Nvidia steigt langsam aus dem Geschäft mit Mainboard-Chipsätzen aus [Update]

Im August vergangenen Jahres dementierte Nvidia noch einen Ausstieg aus dem Chipsatzgeschäft, nun zeichnet sich ab, dass das Unternehmen diesen Markt wohl doch verlassen wird. Die Entwicklung neuer Mainboard-Chipsätze für AMD-Prozessoren sei bereits eingestellt worden; für Intels kürzlich vorgestellte Lynnfield-Prozessoren mit ihrem DMI-Interface habe das Unternehmen keine Lizenz, daher sei es unmöglich, Chipsätze für diese CPU und deren Nachfolger zu vertreiben. Das berichtet das US-amerikanische PC Magazine. Dabei beruft es sich auf ein Gespräch mit Nvidia-Mitarbeiter Robert Sherbin. Nvidia Deutschland konnte die Information nicht bestätigen, da die deutsche Dependance bislang keine konkreten Informationen vom US-Hauptquartier erhalten habe. Eine Stellungnahme wurde für morgen in Aussicht gestellt.

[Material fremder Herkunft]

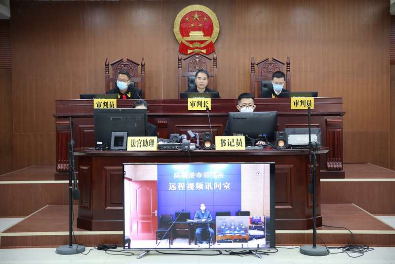 防城港市中级人民法院依法远程公开开庭审理防城港市文旅集团原党委书记、董事长赖子机涉嫌犯受贿罪一案。 防城港市中级人民法院供图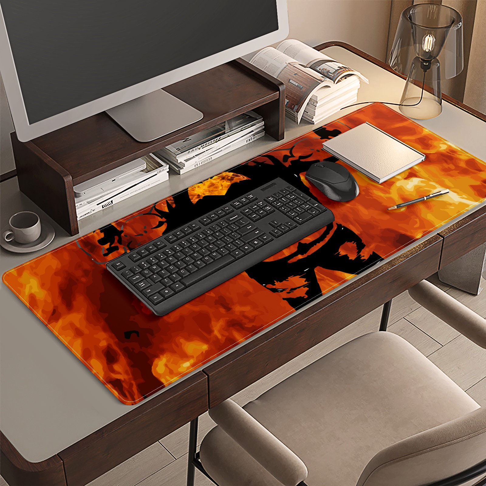 <p>This 35.4” × 15.7” extended desk mat offers ample space for your keyboard, mouse and essentials, working as a smooth work/writing pad while protecting your desktop from scratches.</p><p>With stylish artistic patterns, it adds personality to your home office, study or gaming setup. The high-density woven surface ensures precise, smooth mouse tracking for work and gaming.</p><p>Featuring an anti-slip natural rubber base for firm grip and stability, the mat is soft, elastic and odorless. Reinforced stitched edges prevent fraying and curling for long-lasting durability.</p>

Einige Hinweise auf solch einen Ausstieg gab es schon länger. So ignorieren die Mainboard-Hersteller Nvidias Chipsätze etwa bei den in den vergangenen Monaten eingeführten AM3-Mainboards weitgehend – im heise Preisvergleich findet sich nur ein einziges AM3-Board mit einem Nvidia-Chipsatz. Der ist zudem schon recht alt, denn aktuell sind GeForce-Chipsätze der 8000er-Reihe. Ohnehin hatte AMD mit den eigenen Chipsätzen den Markt in den vergangenen Jahren stark für sich eingenommen – vor zirka drei Jahren saßen auf dem Gros der im Einzelhandel verkauften Boards für AMD-CPUs noch Nvidia-Chipsätze.

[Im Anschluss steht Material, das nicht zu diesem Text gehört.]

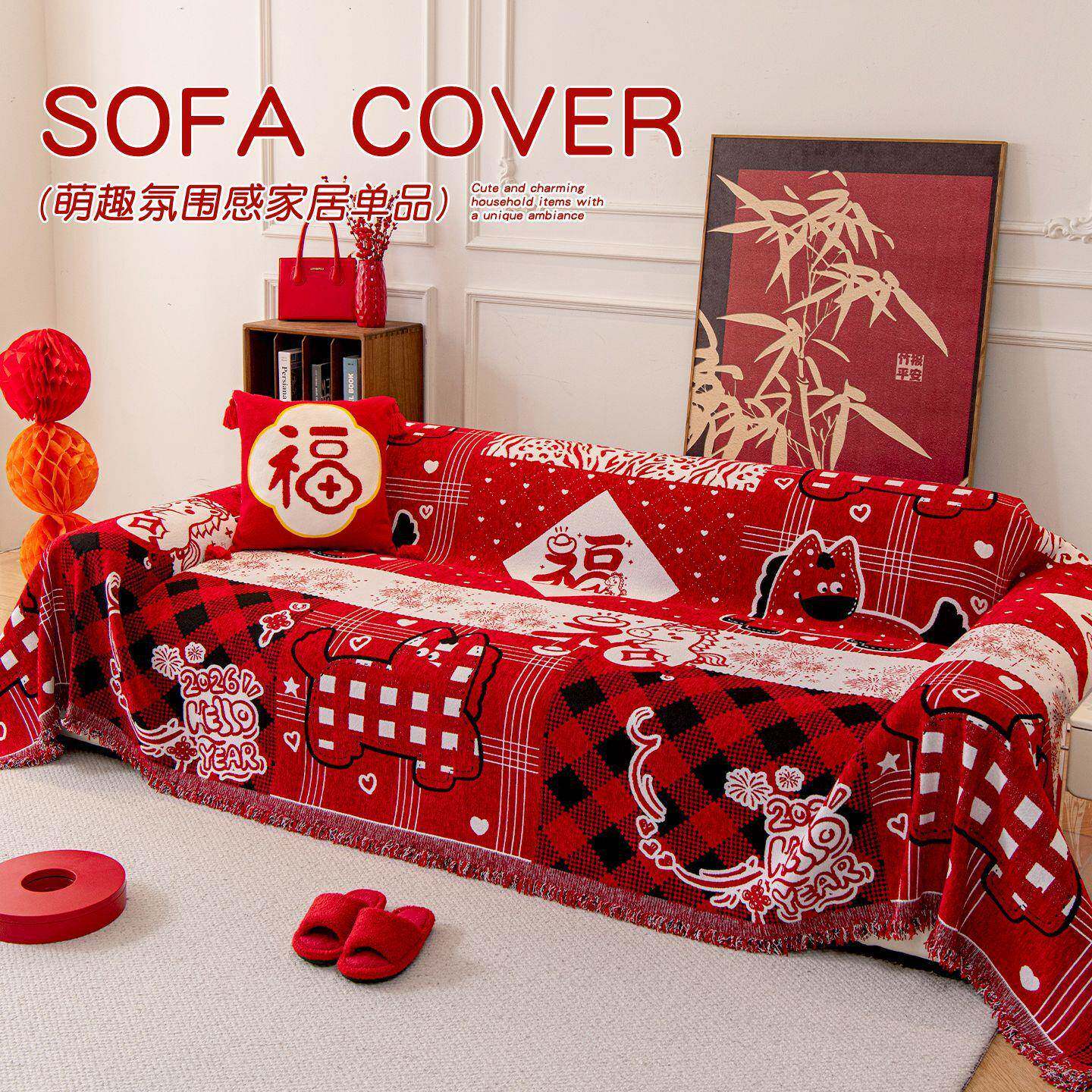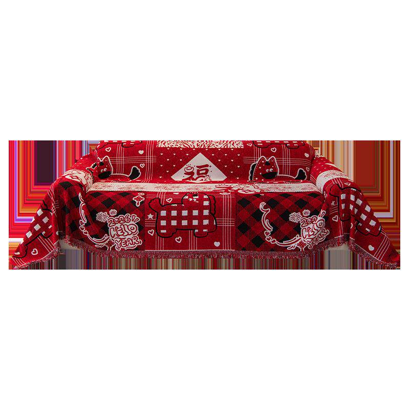 2026新款福气红色喜庆款雪尼尔四季通用沙发巾沙发盖布全盖毯套罩

Bei Chipsätzen für Intel-CPUs gibt es schon länger Streitigkeiten um die Lizenz. Doch selbst wenn die beiden Unternehmen diese Probleme beseitigen: Intels neueste Desktop- und Notebook-Prozessoren mit Lynnfield-Kern bringen bereits einen Speichercontroller mit; die Anfang nächsten Jahres erwarteten Westmere-Prozessoren werden auch einen Grafikkern enthalten. Da beide Funktionen bislang zu den Hauptarbeitsgebieten von Mainboard-Chipsätzen zählten, dürfte für Nvidia nicht mehr viel Platz bleiben, um konkurrenzfähige Produkte zu attraktiven Preisen anzubieten. Für Intel-Prozessoren mit FrontSideBus (FSB) will das Unternehmen aber offensichtlich noch neue Chipsätze entwickeln – damit dürfte ein Nachfolger für den ION-Chipsatz gemeint sein.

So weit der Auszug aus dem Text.